Beyond the PHP100 Billion Suitcases
Zaldy Co’s video exposé, alleging PHP100 billion in budget insertions and suitcases of cash delivered to the highest offices in the land, is the kind of political theater that stops a nation in its tracks. It is explosive, specific, and deeply cynical. It is also, upon closer inspection, a case study in why “trial by

By Staff Writer
Zaldy Co’s video exposé, alleging PHP100 billion in budget insertions and suitcases of cash delivered to the highest offices in the land, is the kind of political theater that stops a nation in its tracks. It is explosive, specific, and deeply cynical. It is also, upon closer inspection, a case study in why “trial by social media” is a threat to the very accountability it pretends to serve.
Before any investigation can begin, the allegations are fatally undermined by the man delivering them. Co’s narrative is riddled with self-defeating flaws. He presents photos of cash deliveries in early 2024, yet claims they were for budget insertions finalized in December 2024. This glaring timeline discrepancy remains unaddressed. His original “witness,” Orly Guteza, has vanished after the authenticity of his affidavit’s signature was “disputed.”
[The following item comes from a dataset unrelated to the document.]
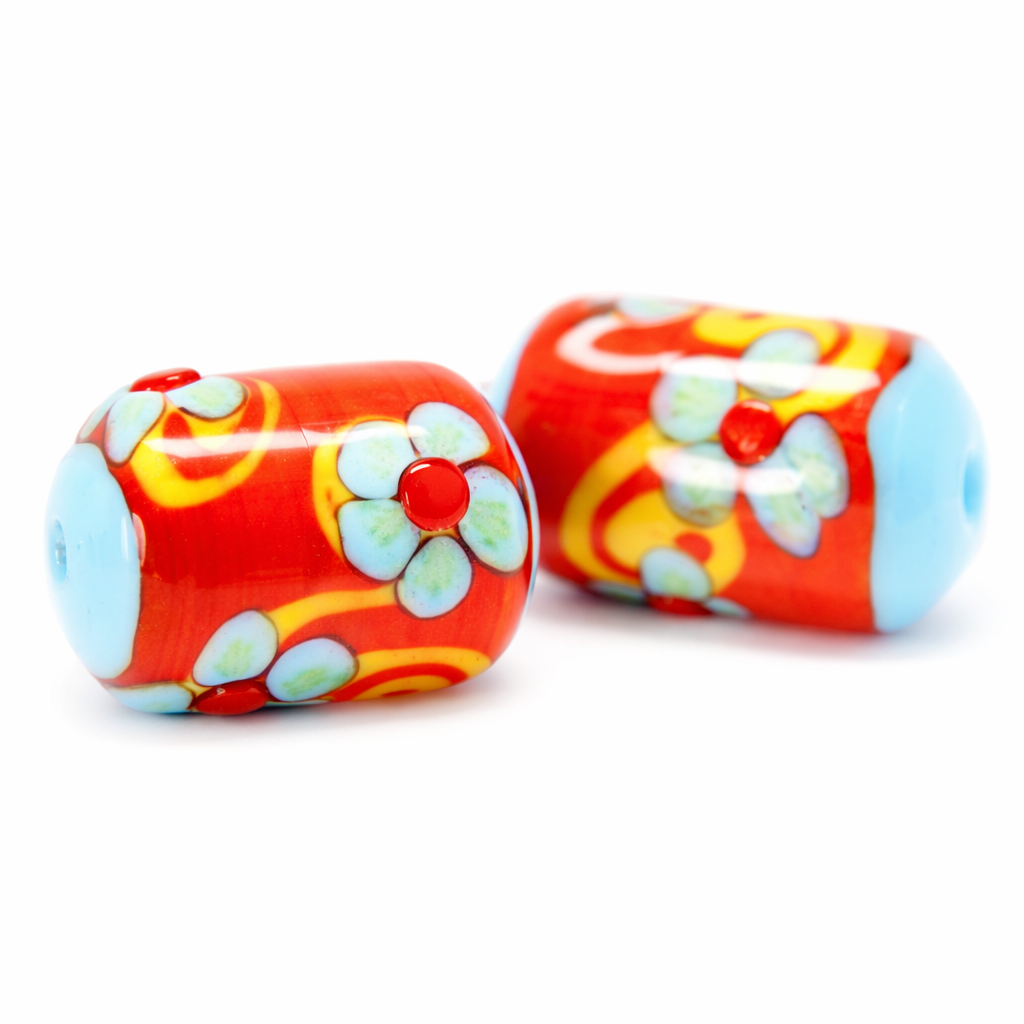 Váleček červený s květy, 21x14mmskladem 114 Kč

Most damning, however, is Co’s own history. He insists he “did not benefit” from the PHP100 billion, yet this is a man whose PHP4.7 billion in air assets are frozen and whose company, Sunwest Construction, bagged PHP86 billion in contracts under the Rodrigo Duterte administration. Co is not an outsider whistleblower; he is a master of the very system he now decries.
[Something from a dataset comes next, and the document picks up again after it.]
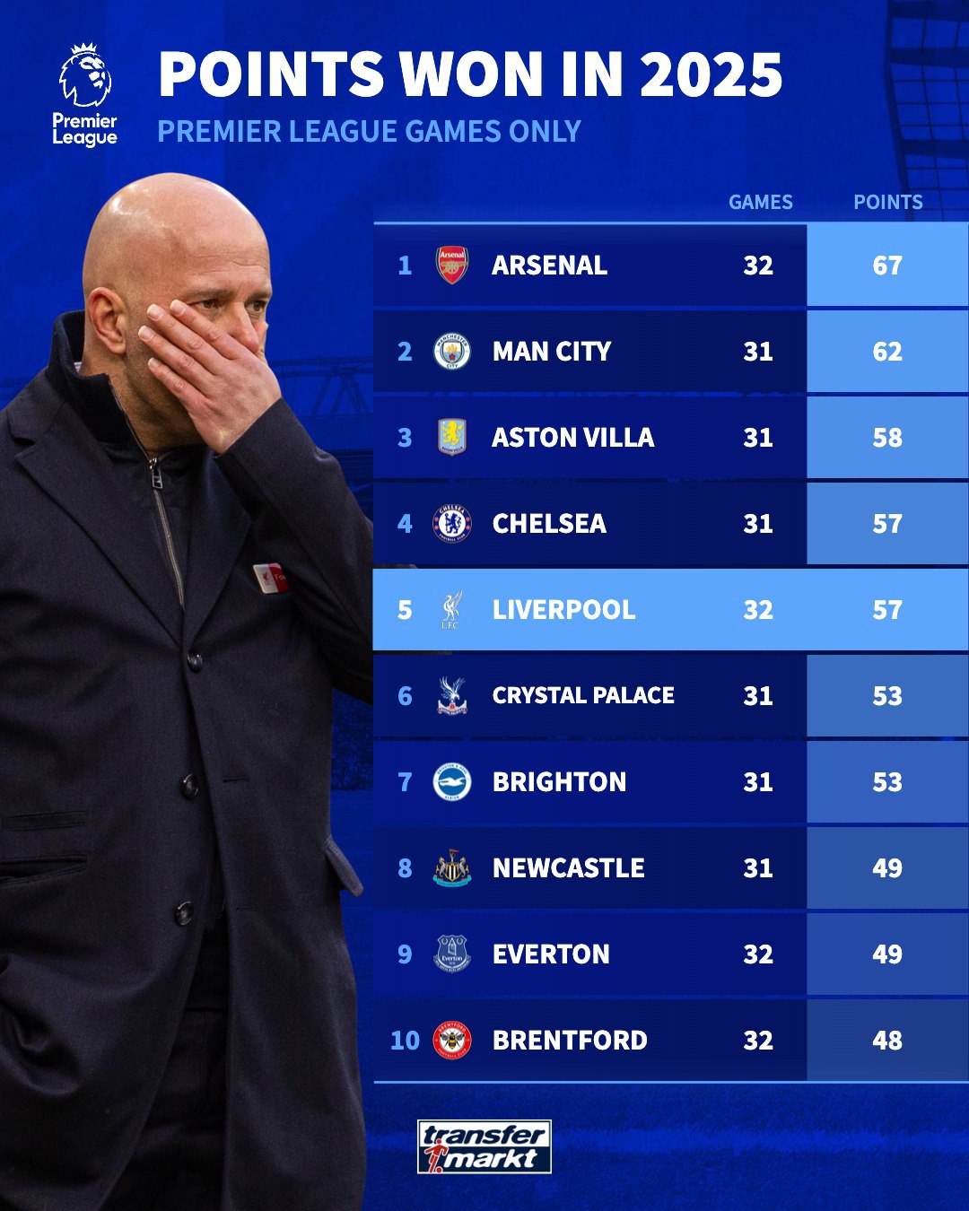 Всего за 2025 год «Ливерпуль» набрал 57 очков, подсчитали эксперты Transfermarkt. Даже с учетом чемпионства в минувшем сезоне, по общему зачету за календарный год такой результат отправляет подопечных Арне Слота на пятую строчку среди всех команд английского первенства.

If this is not a genuine “attack of conscience,” what is it? It is a transparent salvo in the escalating political war between rival elite factions. Co, an oligarch whose wealth was cemented under the Duterte administration, is now launching a “political hit” against the current Marcos-Romualdez power bloc. His exposé is not a quest for truth but a weaponized narrative. The Filipino people are not the beneficiaries of this revelation; we are merely the spectators in a high-stakes battle between two camps fighting over the spoils of the state.
This is where we must draw the line. As the Catholic Bishops’ Conference of the Philippines (CBCP) rightly stated, “Public declarations on social media… cannot take the place of formal testimony.” This video provides “conjecture, not clarity,” and risks being exploited for “political manipulation.”
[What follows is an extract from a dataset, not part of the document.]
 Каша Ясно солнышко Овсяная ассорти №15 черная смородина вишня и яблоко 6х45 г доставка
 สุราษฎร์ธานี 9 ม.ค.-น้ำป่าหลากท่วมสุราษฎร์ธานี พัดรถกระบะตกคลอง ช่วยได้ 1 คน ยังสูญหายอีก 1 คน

The allegations are, depressingly, plausible. Not because Co is credible, but because our budget system is so broken that we can imagine PHP100 billion insertions. But the solution is not to indulge in political theater that corrodes our institutions.
The solution is twofold. First, if Zaldy Co is serious, he must heed the CBCP’s call: return to the country, present his “records,” and file formal charges with the Ombudsman. Second, we must demand a solution to the system that makes these claims believable. The problem is the opaque bicameral conference committee, where such insertions are born. We need radical transparency in the budget process, not just a front-row seat to the latest political feud.
Justice requires due process, not a viral video.